Travel guide is only promoting responsible tourism

michelin green guide camel

The Michelin Green Guide, one of the world's most influential travel and sightseeing guides, is removing all tourist activities that use animals.

As the Michelin Green Guide turns 100 years old, it has confirmed to PETA US and PETA France that it has made the historic change to no longer feature tourist activities using animals.


The Michelin Green Guide is designed for travellers and focuses on must-see sights, attractions and activities at destinations across the world.

camel in wild

"We are convinced of the need to present content promoting responsible tourism, which includes animal welfare," Michelin Éditions, the publishing arm of Michelin, said in a statement.

"Therefore, activities that can cause mistreatment... have been removed from our guides."

Michelin previously won a PETA France award for removing attractions with captive dolphins from its guides.

Now, tourist experiences such as elephant and camel rides will no longer be featured in the Michelin Green Guide.

'Tourism industry must evolve'

Via a PETA statement, camels are free to roam in nature, living in herds and communicating with each other through sounds and body movements.

As a sign of friendship, the animals will sometimes blow on each other's faces.

In the tourism industry, however, they carry heavy loads all day and go without appropriate shade or food.
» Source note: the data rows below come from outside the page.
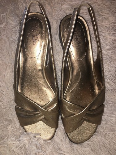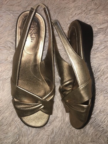 - Life Stride BY SOFT SYSTEMS Sling BACK Sandal Heels GOLD SZ 9 M NEW
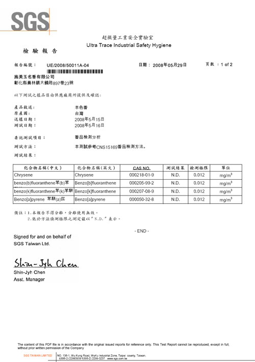 施美玉名香有限公司 彰化縣員林鎮大明里大饒路897巷23號 施 美 玉 製 香 廠 TEL:04-8321334 04-8322344 FAX:04-8355410
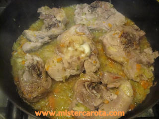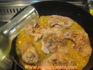 Dopo 15-20 minuti, aggiungere vino bianco, vino Marsala e un mestolino di acqua o brodo (senza sale).
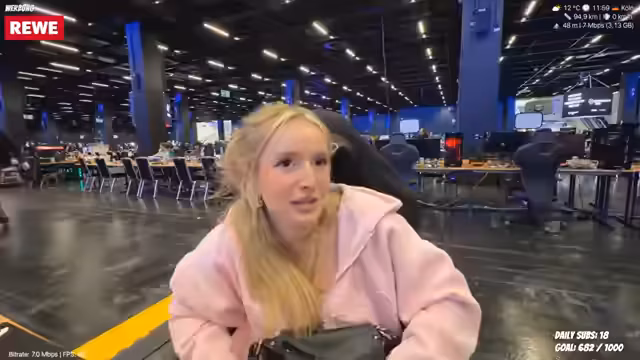 00:17:49Die Streamerin berichtet von ihrer Reise zur Gamescom und vom Aufbau des eigenen Stream-Setups. Sie schildert die Begeisterung über die Messe und die vielen Besucher. Es wird über Essen und Getränke gesprochen, wobei sie erwähnt, dass sie nach Knoblauch riecht, weil sie die Portionen ihrer Begleiterin gegessen hat. Sie zeigt sich gespannt darauf, wie viele Frauen auf der Messe vertreten sind und ob dort viele Creatorinnen anwesend sind.
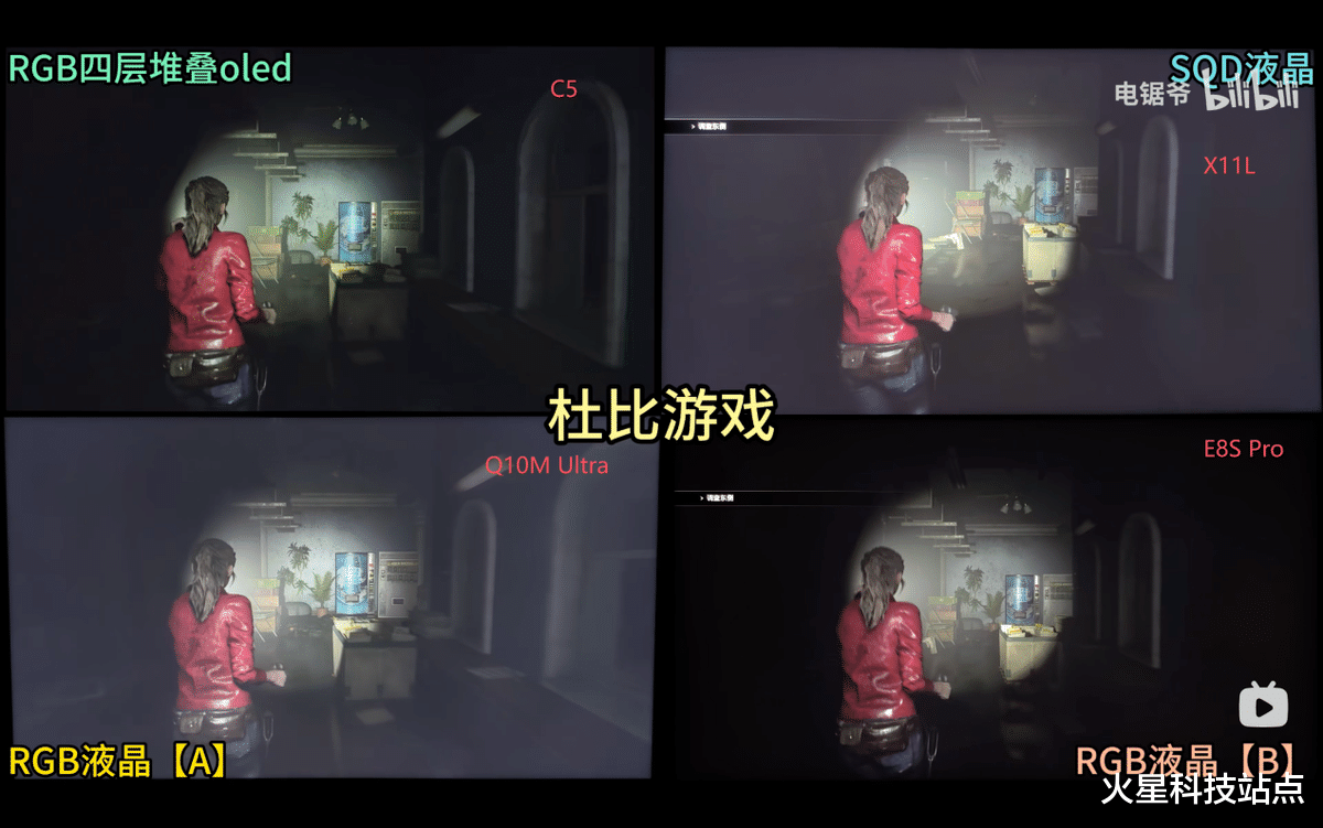 即便是在OLED占绝绝对优势的暗室画质方面,RGB-Mini LED的表现也是相当惊艳。在游戏大作《生化危机》的黑暗场景中,海信E8S Pro基于高分区设计和高亮度的优势,配合“极黑极透”的黑曜屏Ultra,画面通透不泛白,光照下的铁柜纹理、纸箱褶皱等细节清晰可辨,相比OLED的沉浸感更胜一筹。

They are often dumped or sent to slaughter when they are too old, sick or injured to make money.

In 2019, 2023, and 2024, PETA Asia investigators went to the Pyramids of Giza in Egypt and saw workers whipping exhausted horses and camels forced to haul tourists in the scorching sun.

peta asia camel

In addition to the Michelin Green Guide's removal of tourist activities that use animals, the new edition of the Green Guide Spain will include a clear warning that bullfighting is "an abusive and declining tradition".

“Camel rides and bullfights are spectacles of suffering, and the Michelin Green Guide is right to leave these cruel and archaic activities in the history books," said PETA president Tracy Reiman.

"PETA is celebrating Michelin for showing the tourism industry how even a century-old institution can, and must, evolve to reflect today’s understanding that animals are individuals who feel pain and fear."